Graduate Research and Scholarships Office staff are an important source of assistance and advice for graduate research students. Administrative staff can help students with matters related to graduate research candidature or scholarships. For many students, contact is limited to matters associated with initial enrolment, allocation and administration of scholarships, submission and approval of the Research Proposal, submission of the Annual Progress Report, and submission and examination of theses.
The topic of research is decided and refined by the student and supervisors as the student prepares a Research Proposal for submission to the Graduate Research and Scholarships Office for approval. For students undertaking a PhD, the Proposal is due in six months (full-time equivalent) after commencement. For those undertaking a master's degree, the Proposal is due four months (full-time equivalent) after commencement. For PhD students, continuation of enrolment beyond the first year is contingent on a formal Confirmation of Candidature process, which includes a formal report on agreed tasks for the first year.
All students must submit Annual Progress Reports every year on the anniversaries of their commencement.
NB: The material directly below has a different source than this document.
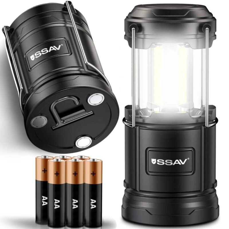 SSAV LED Camping Lantern with Magnetic Base – 360° Bright Light, IP44 Water Resistant (Black, 2 Pack)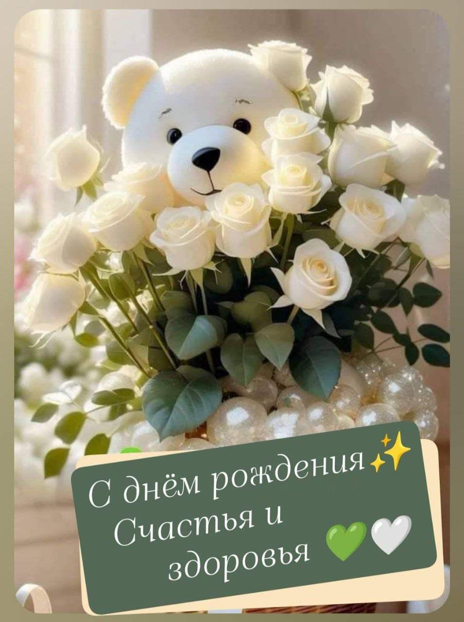 Открытка с днем рождения женщине. Мишка с белыми розами, пожелания счастья и здоровья.

All tasks set out by coordinators in the Research Proposal must be completed within 12 months. For full-time PhD students, all tasks leading towards Confirmation of Candidature must be completed within 12 months.
Difference between a graduate research project and honours
Short-term research projects, such as those undertaken in honours or postgraduate diplomas, are essential training for graduate researchers.
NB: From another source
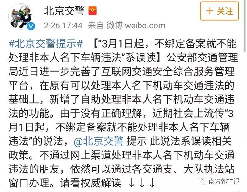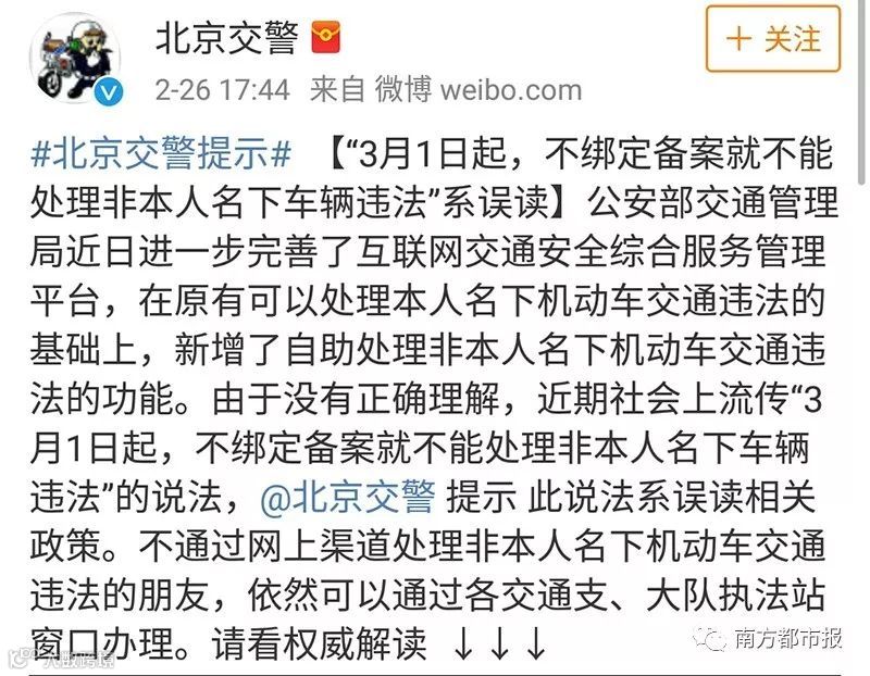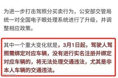 针对突如其来的扎堆办业务现象,各地交警纷纷提醒,“3月1日起,不绑定备案就不能处理非本人名下车辆违法”是误读。

However, just as the transition from an undergraduate course to honours or a postgraduate diploma usually requires a student to acquire and develop new skills, the transition into a graduate research degree involves a much higher level of independent thinking, planning and activity than most students expect. Most students find the transition both challenging and exciting; some find it daunting, even when they have performed well in honours.
A graduate research degree provides a unique opportunity to follow an area of interest, focus on this for several years and make an important contribution to the development of your chosen area. The focus is on your capacity for innovative, independent research; critical thinking; time and project management skills; and problem-solving. You will also need to have, or to develop, excellent skills of organisation and communication of information.
Benefits of extra study
Many high-achieving students choose to undertake a research degree because they have the drive to progress as far as they can in their chosen field. The continued challenge and enjoyment of independent research are, for many, rewards in themselves.
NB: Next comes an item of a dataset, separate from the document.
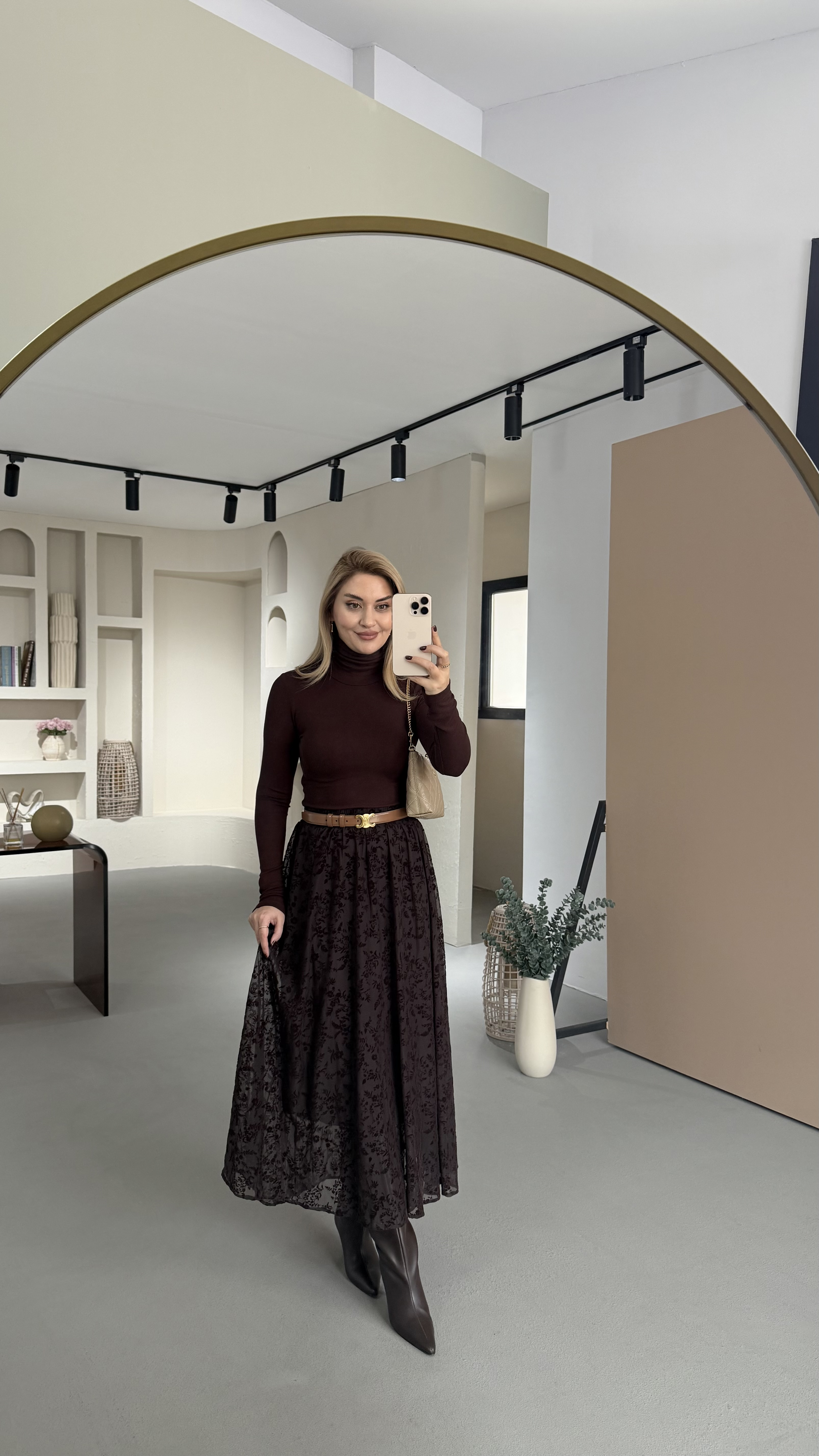 Kadife Kabartmalı Kahve Tül Etek (ETK-0283-KHV)

In addition, graduates from higher degree by research programs are highly employable, across many areas of study. You can check the statistics for your field of interest at Graduate Careers.
In some disciplines, such as Science, it is almost mandatory to have a master's or PhD in order to progress. Similarly, in order to make a career in academia, a graduate research qualification is necessary. However, graduates from some areas find there are limited employment opportunities in their particular field of interest and that they have to look more widely.
The reason that graduates from all areas experience a high rate of success in employment is that the generic or transferable skills required for success in a graduate research degree are the same skills that are in high demand by employers. In particular, successful completion of a research degree indicates to a prospective employer that you have excellent project and personal management skills, and that you can think independently and critically, solve problems and communicate effectively. The transferable skills developed through a research degree are usually more durable, and therefore more valuable, than the content knowledge gained.Graduate researcher skills
However, the decision to enter into a research degree should not be taken lightly. Undertaking an intensive two- to four-year project, with all that it entails, is not for everyone. It's important that prospective graduate research students inform themselves about what graduate research involves before making their decision.
Similarly, prospective and new students should prepare carefully before commencing (see 'What to consider' section). This requirement is as important for those progressing from honours in the same university as for students starting at a new university.